Инструктор не понял юмора.

 Никаких зон, господа,  решительно сказал он,  это вам не праздничная прогулка в национальном парке. Тут чуть не так глянул, живо дубинкой по забралу схлопочешь.

 Возможно,  согласился Василий,  но ведь и мы не вчера родились.

 А вот этого как раз нельзя,  в голосе инструктора зазвучал металл,  вступать с рыцарями в препирательства категорически воспрещается. Учтите, граждане, если вам переломают ребра по вашей вине, страховки вам не видать.

 Будь спок, очки,  сказал Василий,  подставлять нос всякой шушере я не намерен.

 Господа,  инструктор принял вид фокусника собирающегося показывать свой лучший трюк,  я прошу всех пройти в кабину.

 Мерси,  сказал Василий, и первый вошел в камеру. Последовавший за ним очкарик с учительскими интонациями в голосе стал важно наставлять путешественников, показывая им приборную доску:

 В управлении она проста, как букварь,  сказал он,  ставите коробку передач на двенадцатый век

 Почему двенадцатый?  нахмурился Вася.

 Потому что там теперь полдень. Затем плавно отжимаете рычаг и через минуту вы на месте.

 Пожрать, надеюсь, нам дадут?  поинтересовался Василий.

 Пожрать можно в авиакомпании,  сказал инструктор,  а у нас другие задачи.

 Безобразие,  начал было заводиться Василий, но, взглянув на скорбную физиономию Заярконского, сдержался.

 По прибытии, удаляться от машины не рекомендуется,  сказал инструктор,  иначе вам придется блуждать в будущем, пока вас не обнаружит поисковая бригада.

Речь очкарика порядком надоела Васе, и он занял свое место за пультом управления.

 Посторонних прошу держать отвал,  сказал он, явно намекая на инструктора.

 Это кто посторонний?  обиделся инструктор и, сообразив, что от Васи ничего путного не добиться, обратился к Циону.

 Не вздумайте там прибарахляться,  строго предупредил он,  или продавать свои вещи: перевозка ценностей, равно как и аборигенов наказуема законом.

Последнее замечание не понравилось Васе.

 Понятно, шеф,  сказал он развязным тоном и захлопнул люк машины перед самым носом инструктора.

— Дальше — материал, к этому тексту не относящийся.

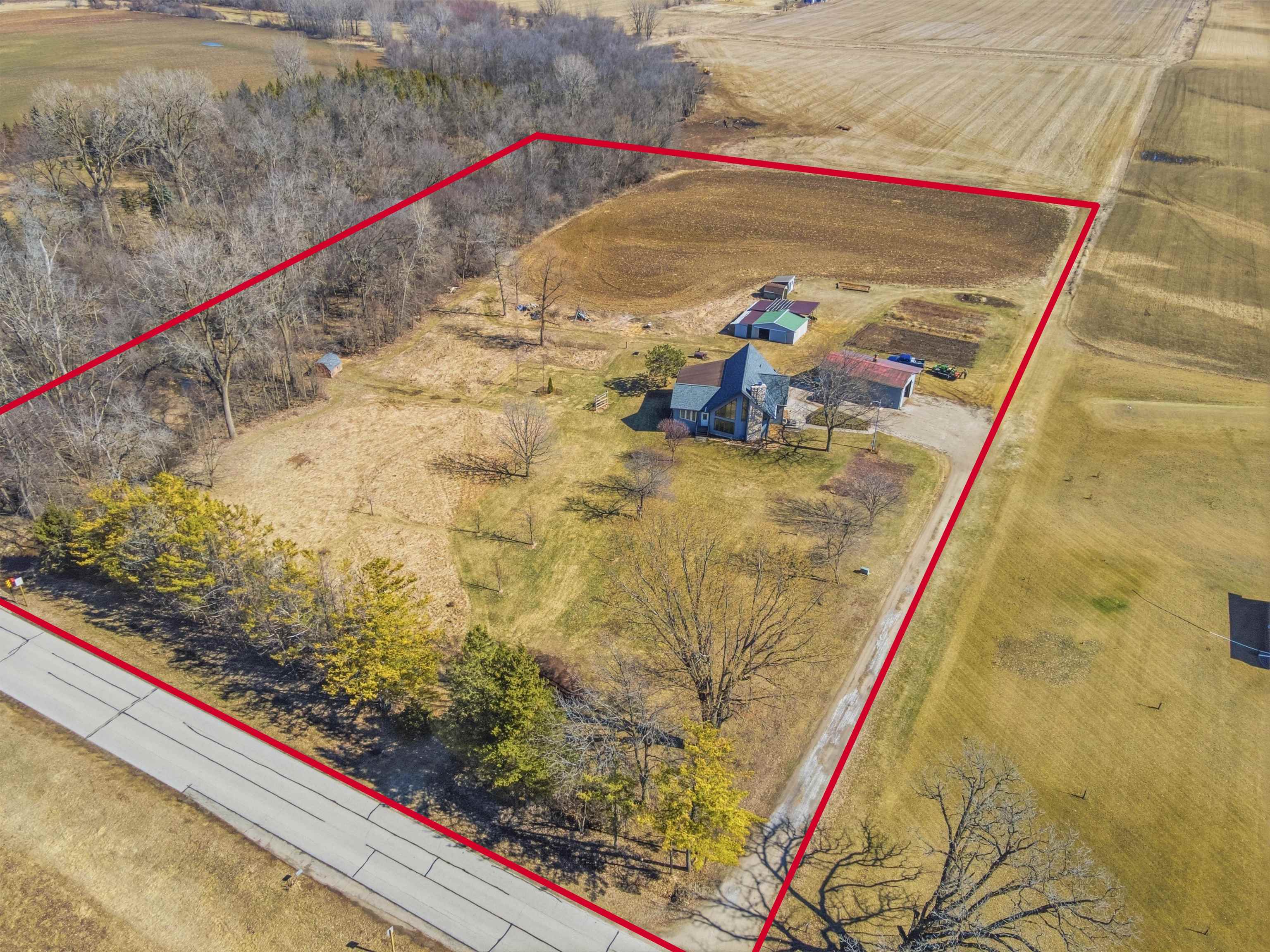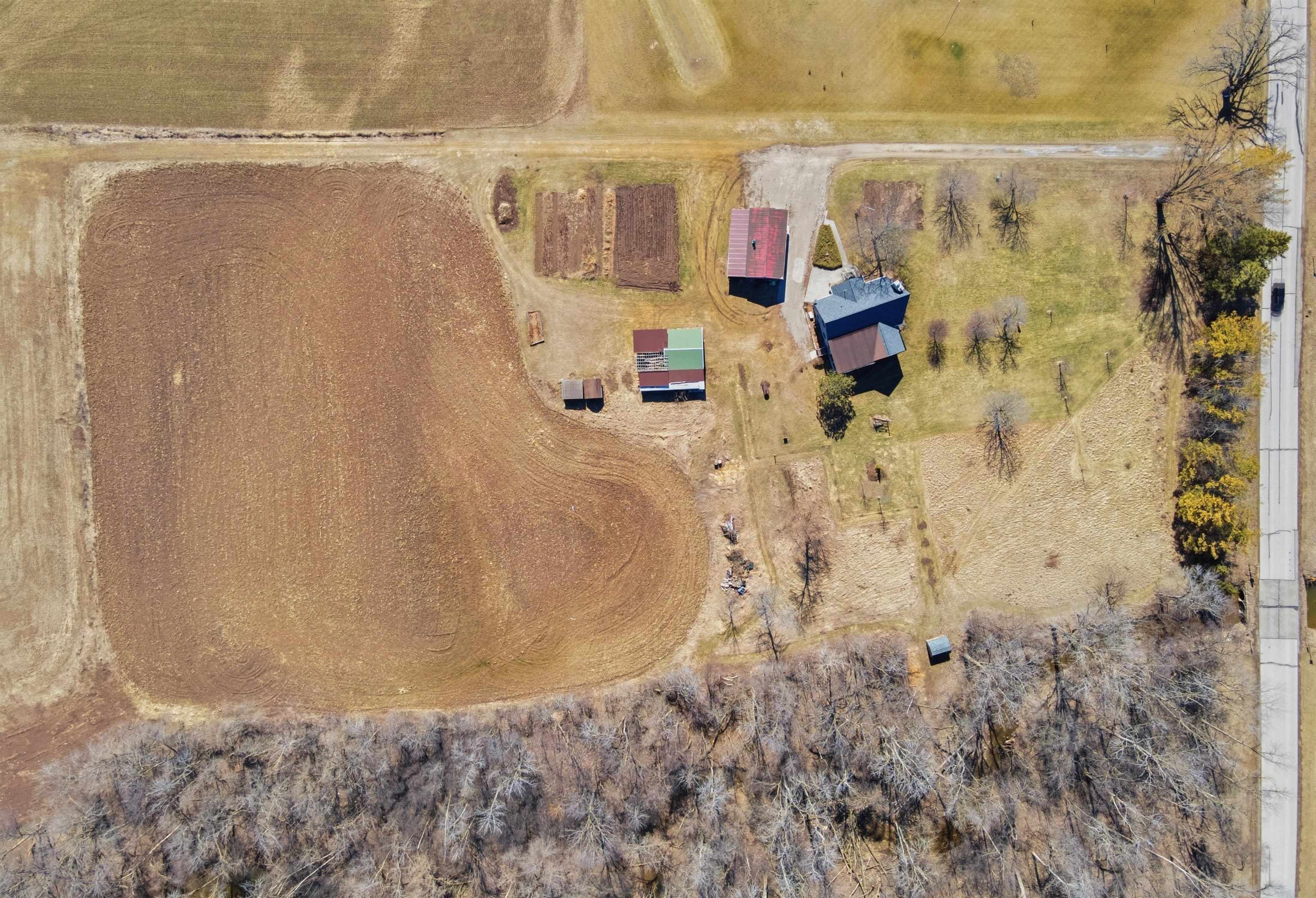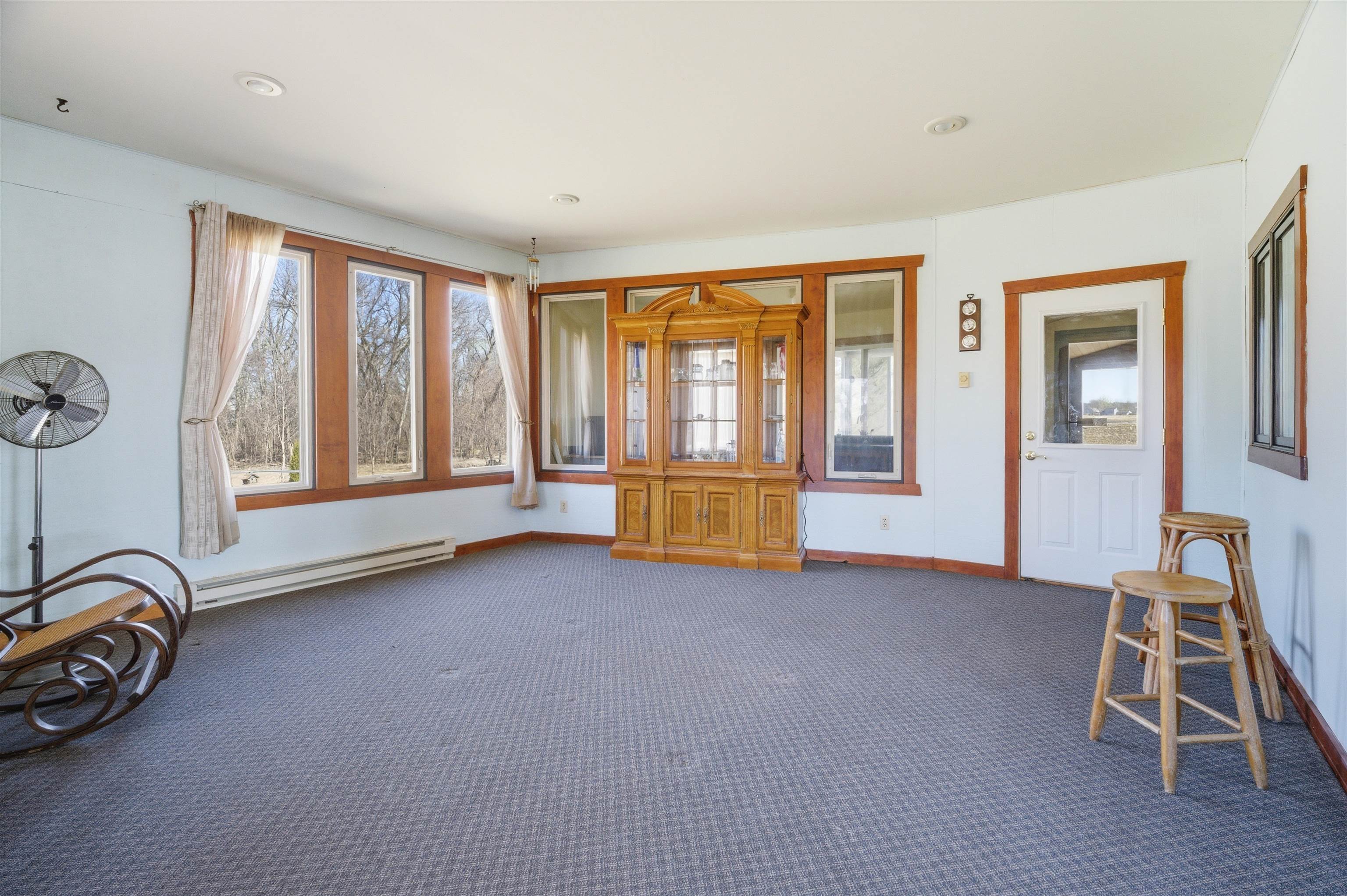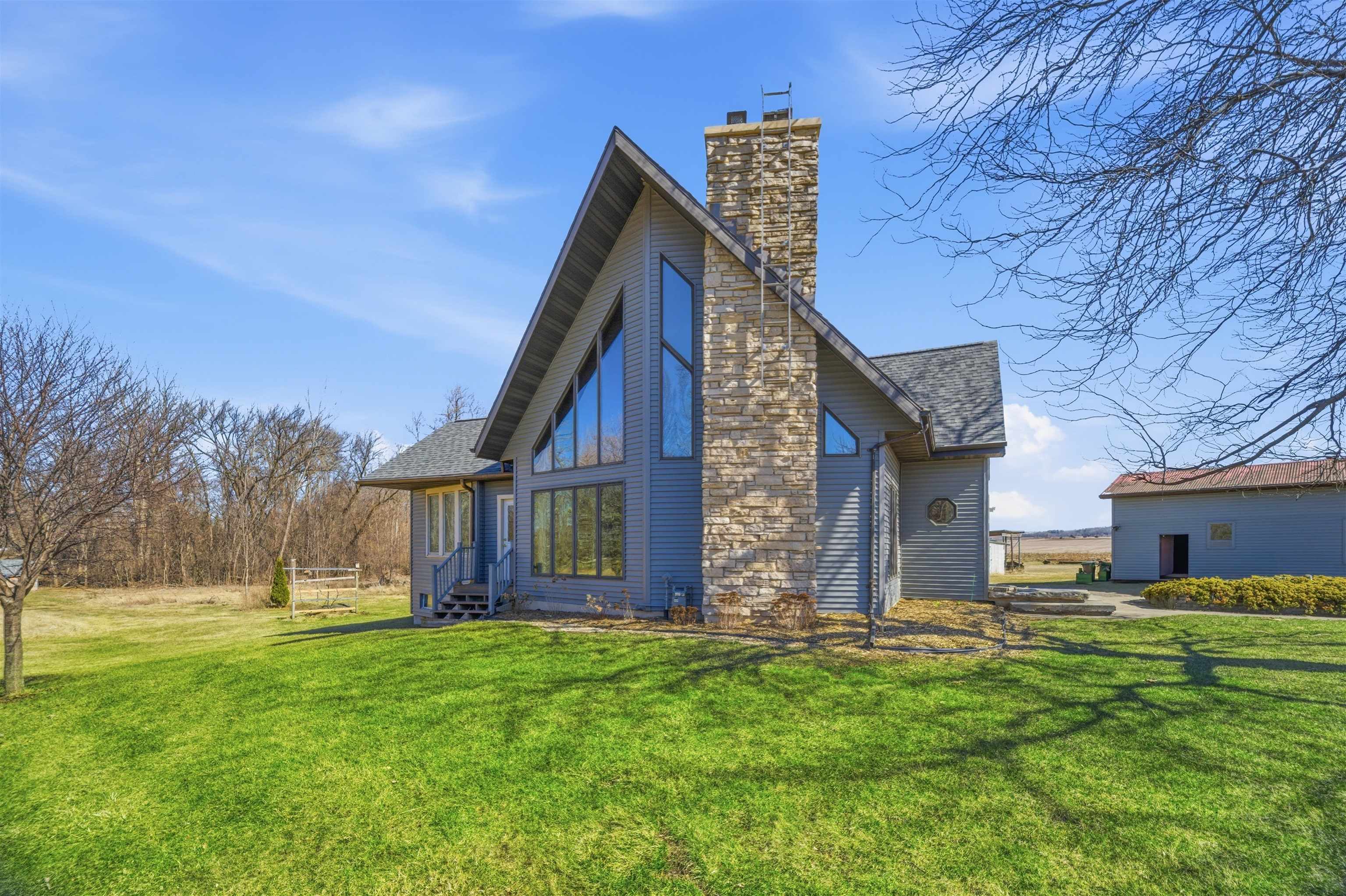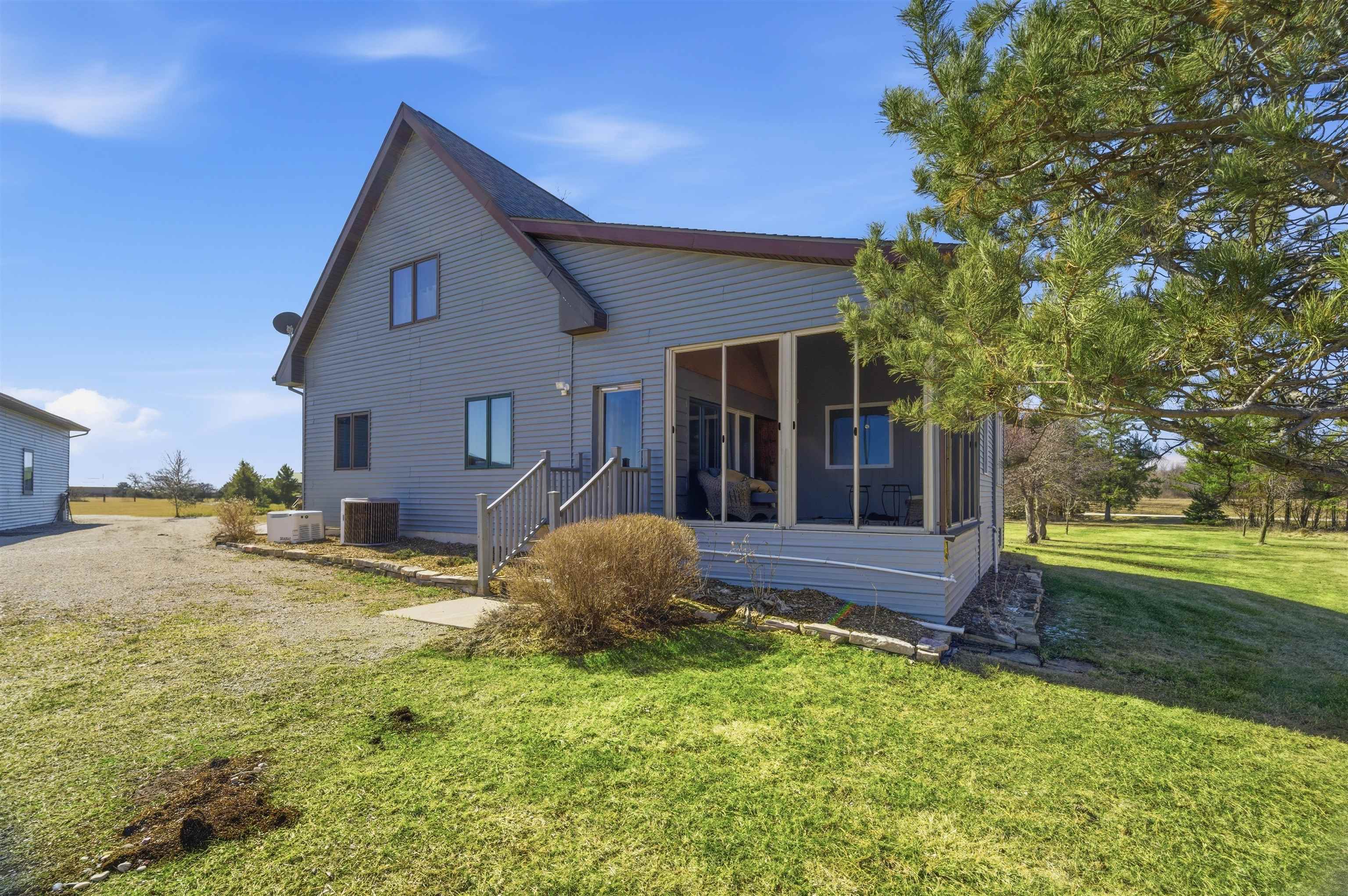 8 acre country property! 2700+ sq. ft. of living area. Kitchen, living room, family room, bedrooms, 1.5 baths, laundry room, mud room and 3-seasons room. Fireplace. Patio. Detached garage and metal shed. Large yard.

 Хулиганство! Да как вы смеете?  заорал инструктор. Это было последнее, что они успели услышать.

ГЛАВА 5

Небритый пьяный сторож кладбища долго плутал между ухоженными надгробными плитами, многие из которых были залиты воском поминальных свеч. Наконец, он вывел полицейских к зияющей черной яме, рядом с которой возвышалась бурая горка раскисшей от дождя земли.

«Что скажешь, седобородый?  с деланным оптимизмом спросил его Кадишман, разглядывая почти стертую от времени надпись на мраморной плите недавно лежавшей на дедушкиной могиле.

«Да уж не знаю, что и говорить,  потеряно выдавил сторож,  бывало в дождь или слякоть, могилки у нас проваливались и мы, как полагается, собирали косточки упокоенных, чтобы не размыло, значит,  он тяжело вздохнул, как бы сожалея о бренности всего мирского,  а здесь и собирать нечего, вишь, служивый, все как слизано»

Кадишман лично осмотрел, пустую могилу Хильмана. Заглядывая вглубь ямы, он оступился и, взмахнув руками, словно птица на взлете, с шумом провалился в нее, увлекая за собой комья сырой земли.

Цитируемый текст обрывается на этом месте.